Eicosanoids are a group of C20 oxygenated polyunsaturated fatty acids (PUFAs). To monitor biosynthetic precursors of these PUFAs, this study extracted fatty acids from different tissues of the beet armyworm, Spodoptera exigua, and assessed their compositions using GC/MS. Fifth instar larvae were dissected to isolate different tissues of gut, fat body, hemocytes, and integument. From each tissue, total lipids were extracted and fractionated into neutral lipid (NL), glycolipid (GL), and phospholipid (PL). Most tissues contained palmitic acid (16:0), stearic acid (18:0), oleic acid (18:1), linoleic acid (18:2), and linolenic acid (18:3).

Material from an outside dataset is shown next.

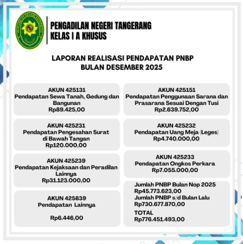 Berikut adalah Laporan Realisasi Pendapatan PNBP Bulan Desember 2025
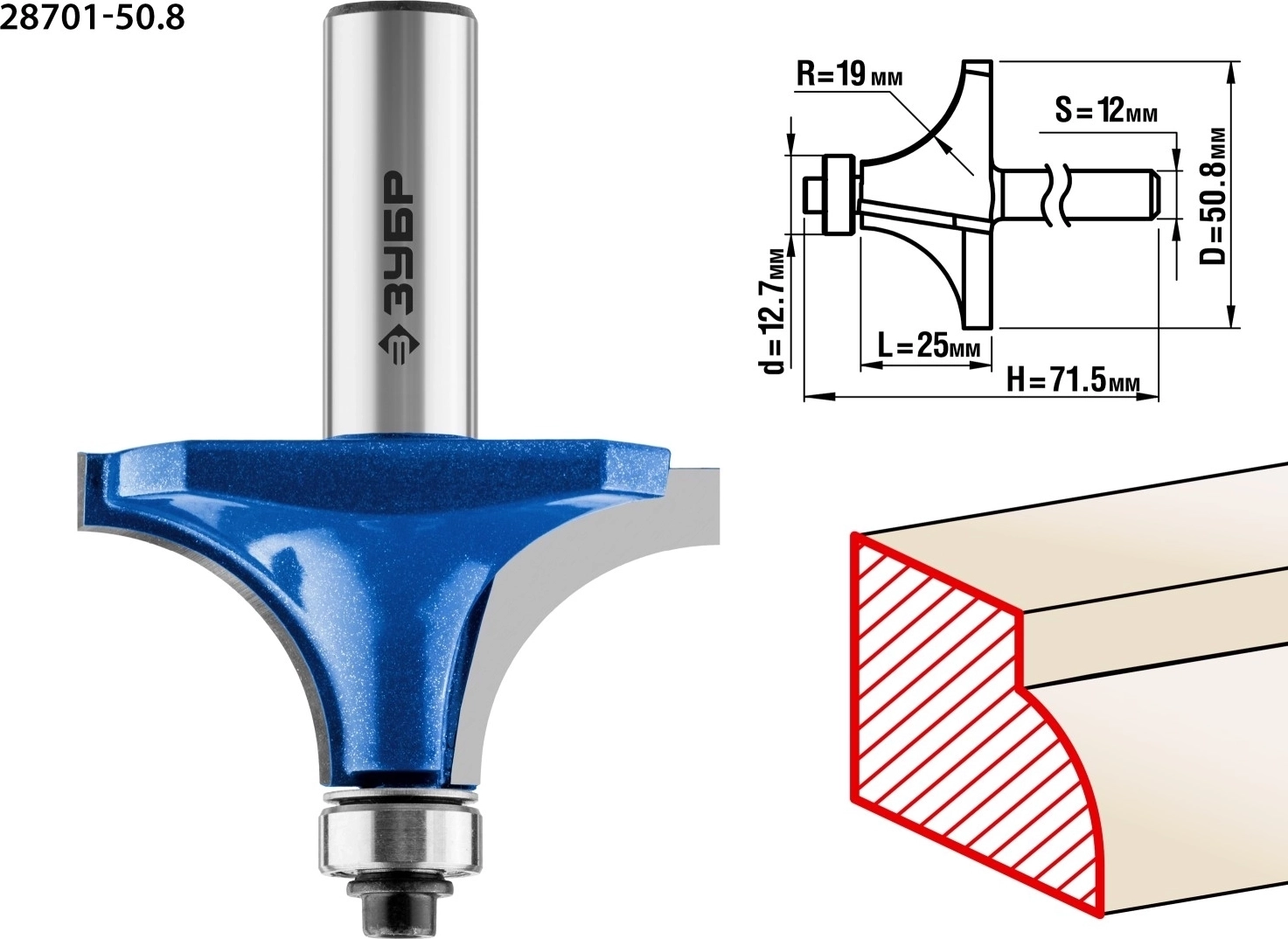 Фреза кромочная калевочная №1 50.8 x 25 мм радиус 19 мм арт. 102186

However, their compositions were different among tissues and lipid types. Fat body and hemocytes possessed other type of fatty acids such as myristic acid (14:0) and three unknown fatty acids. Among lipid types, PL contained relatively high levels of linolenic acid than NL and GL, while it had lower saturated fatty acids. Total unsaturated fatty acid composition was varied among tissues and lipid types. PL was rich in unsaturated fatty acids in fat body, gut, and hemocytes. There was a significant influence of calcium-independent phospholipase $A_2$ ($iPLA_2$) on maintaining fatty acid composition because RNA interference of $iPLA_2$ expression significantly modified fatty acid compositions in NL and PL. However, this study did not detect arachidonic acid, a main eicosanoid biosynthesis precursor, in all tissues. This suggests an alternative biosynthesis of eicosanoids in insects, which is distinct from the biosynthetic pathway of mammals.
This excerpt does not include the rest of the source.